▶ Data under study
-- -- --

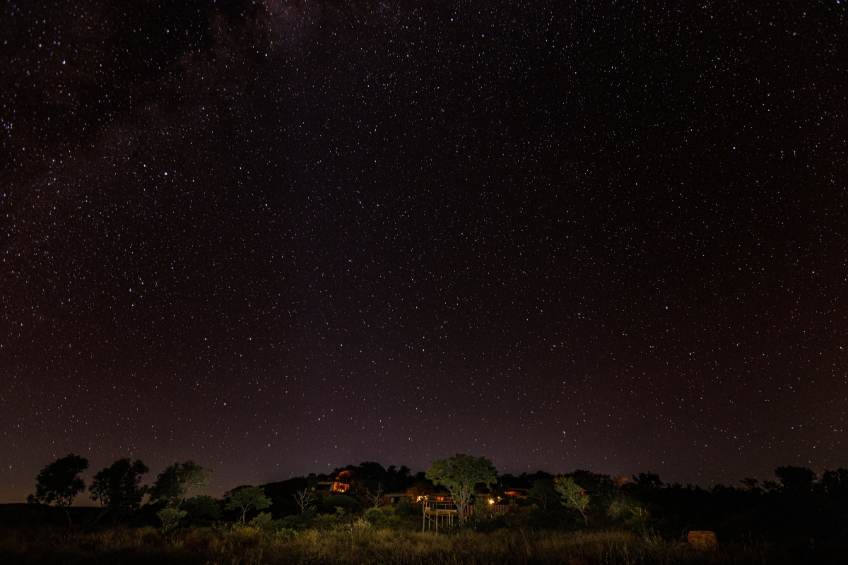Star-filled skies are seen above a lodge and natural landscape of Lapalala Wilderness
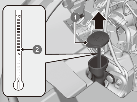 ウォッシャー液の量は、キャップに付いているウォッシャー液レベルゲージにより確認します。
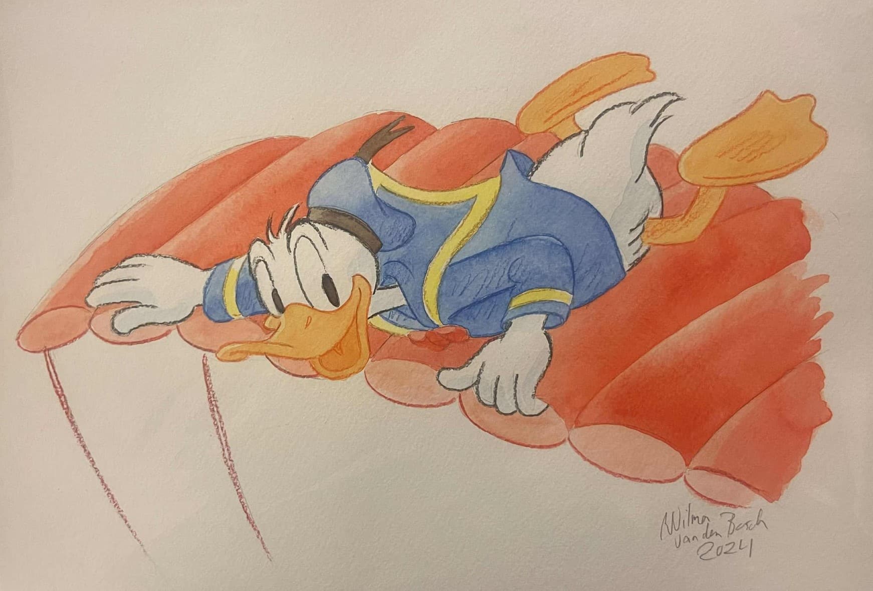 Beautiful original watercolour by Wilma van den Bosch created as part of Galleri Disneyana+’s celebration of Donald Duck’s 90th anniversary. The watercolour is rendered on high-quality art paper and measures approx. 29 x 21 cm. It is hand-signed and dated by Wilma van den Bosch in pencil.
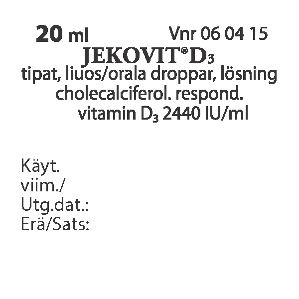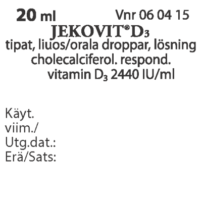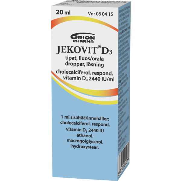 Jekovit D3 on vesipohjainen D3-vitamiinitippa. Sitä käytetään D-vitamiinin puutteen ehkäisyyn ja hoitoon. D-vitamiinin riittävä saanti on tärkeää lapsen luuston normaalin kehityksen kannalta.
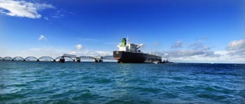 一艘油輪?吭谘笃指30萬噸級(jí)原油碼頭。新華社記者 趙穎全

-- -- --

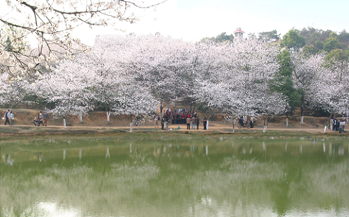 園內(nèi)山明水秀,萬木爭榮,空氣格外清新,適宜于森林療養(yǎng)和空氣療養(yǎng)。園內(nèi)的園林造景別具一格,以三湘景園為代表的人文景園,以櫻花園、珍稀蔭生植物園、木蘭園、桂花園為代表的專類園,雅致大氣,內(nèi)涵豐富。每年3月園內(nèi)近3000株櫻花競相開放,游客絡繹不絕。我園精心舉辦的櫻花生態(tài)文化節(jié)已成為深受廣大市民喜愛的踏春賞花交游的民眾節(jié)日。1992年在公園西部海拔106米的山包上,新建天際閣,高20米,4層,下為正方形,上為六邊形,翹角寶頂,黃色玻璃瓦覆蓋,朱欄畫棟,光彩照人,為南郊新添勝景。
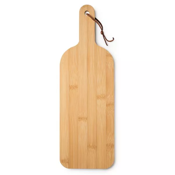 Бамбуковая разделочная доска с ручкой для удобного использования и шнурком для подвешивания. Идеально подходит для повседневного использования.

-- -- --

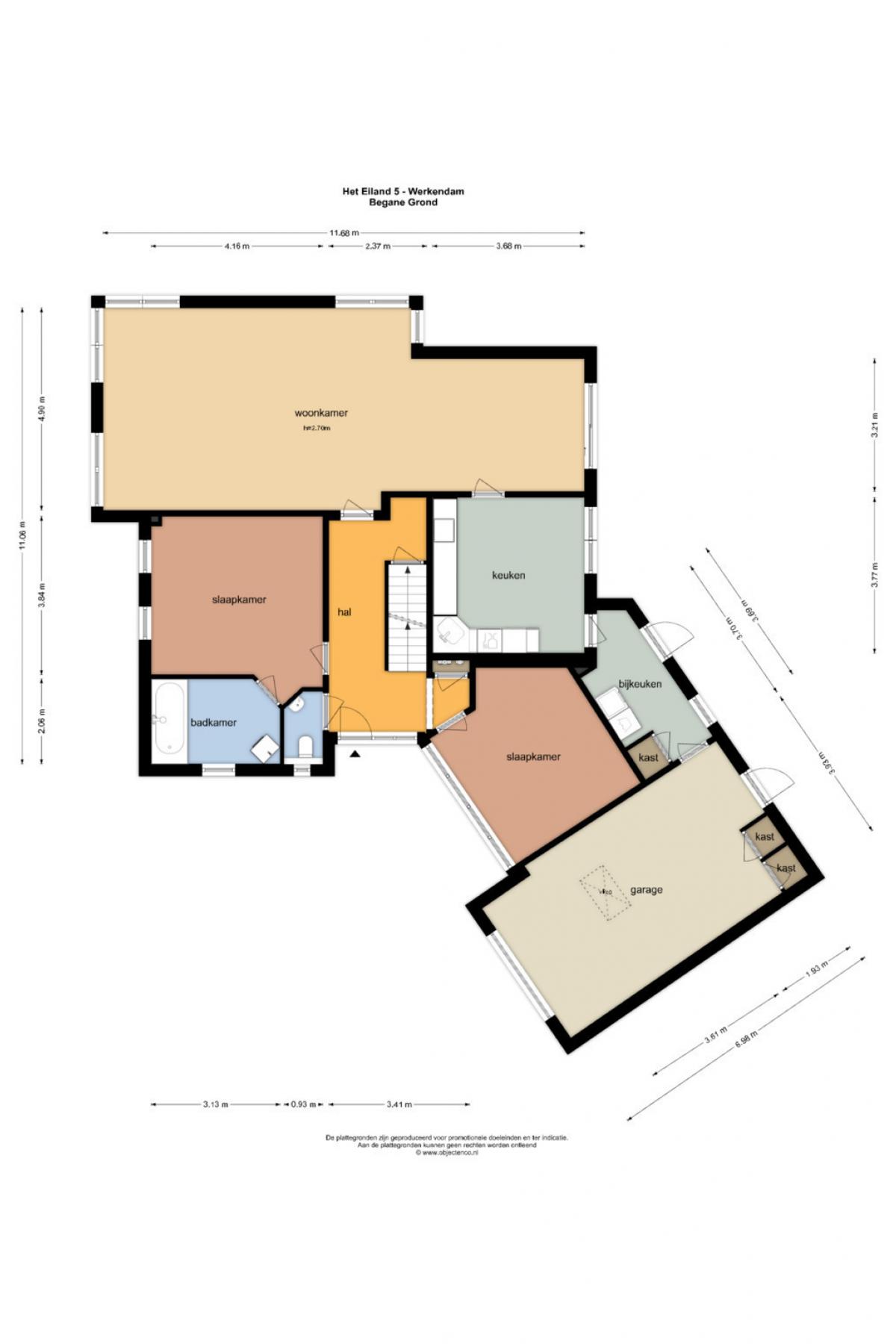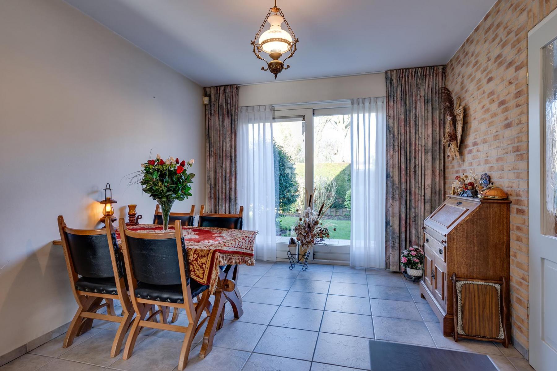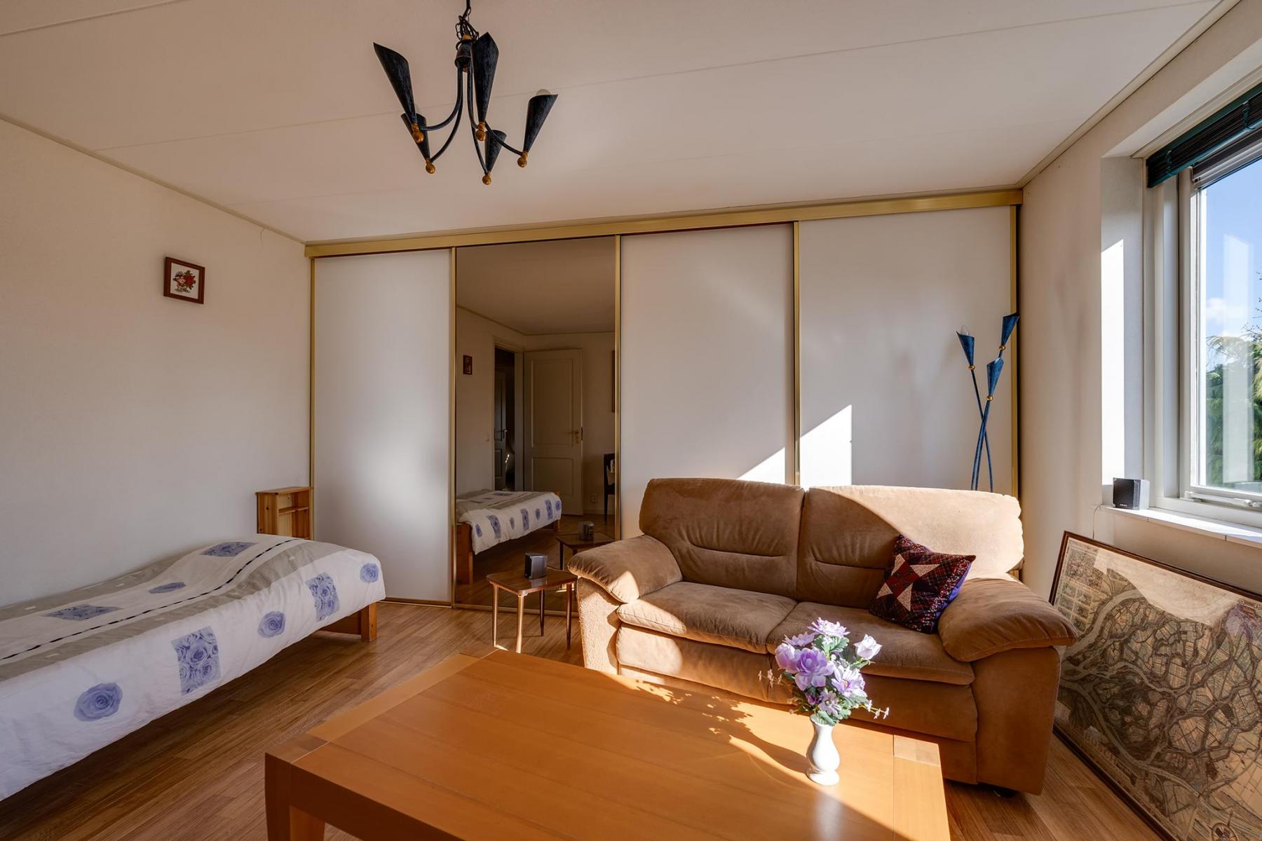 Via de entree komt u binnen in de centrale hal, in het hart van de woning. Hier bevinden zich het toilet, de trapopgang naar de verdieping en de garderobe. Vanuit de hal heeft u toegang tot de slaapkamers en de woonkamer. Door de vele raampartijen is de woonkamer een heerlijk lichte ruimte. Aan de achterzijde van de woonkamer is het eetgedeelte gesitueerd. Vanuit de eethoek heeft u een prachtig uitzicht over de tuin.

-- -- --

▶ Task brief
Without the pictures, give again exactly the lines above starting at the line containing "Beautiful original watercolour" and ending at the line containing "一艘油輪?吭谘笃指30萬噸級(jí)原油碼頭。新華社記者 趙穎全".

▶ Exercise output
 Beautiful original watercolour by Wilma van den Bosch created as part of Galleri Disneyana+’s celebration of Donald Duck’s 90th anniversary. The watercolour is rendered on high-quality art paper and measures approx. 29 x 21 cm. It is hand-signed and dated by Wilma van den Bosch in pencil.
 Jekovit D3 on vesipohjainen D3-vitamiinitippa. Sitä käytetään D-vitamiinin puutteen ehkäisyyn ja hoitoon. D-vitamiinin riittävä saanti on tärkeää lapsen luuston normaalin kehityksen kannalta.
 一艘油輪?吭谘笃指30萬噸級(jí)原油碼頭。新華社記者 趙穎全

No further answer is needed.